Изменить стиль страницы

Неужели это больная? Она выглядела так, словно собиралась устроить прием.

Фанни весело улыбнулась и приветливо помахала мне рукой.

— Все это действительно чепуха, — сходу начала она рассказывать о своем самочувствии. — Но доктор Родес обеспокоен.

— Он и должен быть обеспокоен, положение жениха к тому обязывает, — сказала я. — Вчера ты чуть Богу душу не отдала.

— Какая досада! — с огорчением произнесла она, но тут же сменила тон. — Это пустяки. Мне куда больше досталось тогда, когда я упала с лошади.

— Как? — посмотрела я на нее с возрастающим восхищением. — И такое пришлось испытать?

Фанни утвердительно кивнула и изящным движением отбросила кипу французских журналов мод, которые рассыпались вокруг веером.

— Подходи и садись на кровать, — предложила она. — Или возьми стул, если не переносишь хаоса.

Она вела себя с такой детской непосредственностью, что в ее присутствии я вновь почувствовала себя пятнадцатилетней девчонкой. Сбросив туфли, я присела на край кровати и положила нога на ногу. Фанни бросила мне подушку, которую я примостила за спиной. Все как в детстве.

— Тебе почитать? — спросила я.

— Господи, нет ничего скучнее чтения, — взмолилась она. — Это только ради доктора Родеса. Я думаю, что мы могли бы просто поболтать.

Я не понимала, как ей могло повредить чтение, но спорить с ней не стала.

— Ты много ездишь верхом? — спросила я. Меня заинтересовал случай с ее падением.
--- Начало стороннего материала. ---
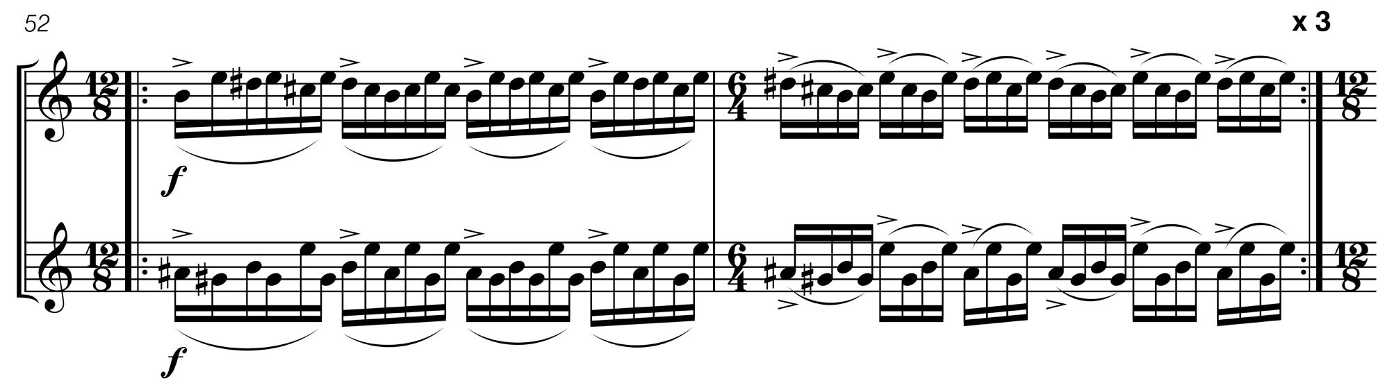 This was further refined into a rhythmic structure built around a cycle of three bars of 4/4 followed by a bar of 2/4 (28 quavers in all):

— Мне очень нравится ездить верхом, — призналась она. — Но мой отец никогда не позволял мне брать какую-нибудь другую лошадь, кроме старой скучнейшей кобылицы. — Фанни блеснула улыбкой и добавила: — Эдмонд такой же плохой. Он мой попечитель с пятнадцати лет, с тех пор, как умер папа. Но я не позволяю ему командовать собой. — Здесь она умолкла, а спустя непродолжительное время вдруг предложила: — Вот, посмотри!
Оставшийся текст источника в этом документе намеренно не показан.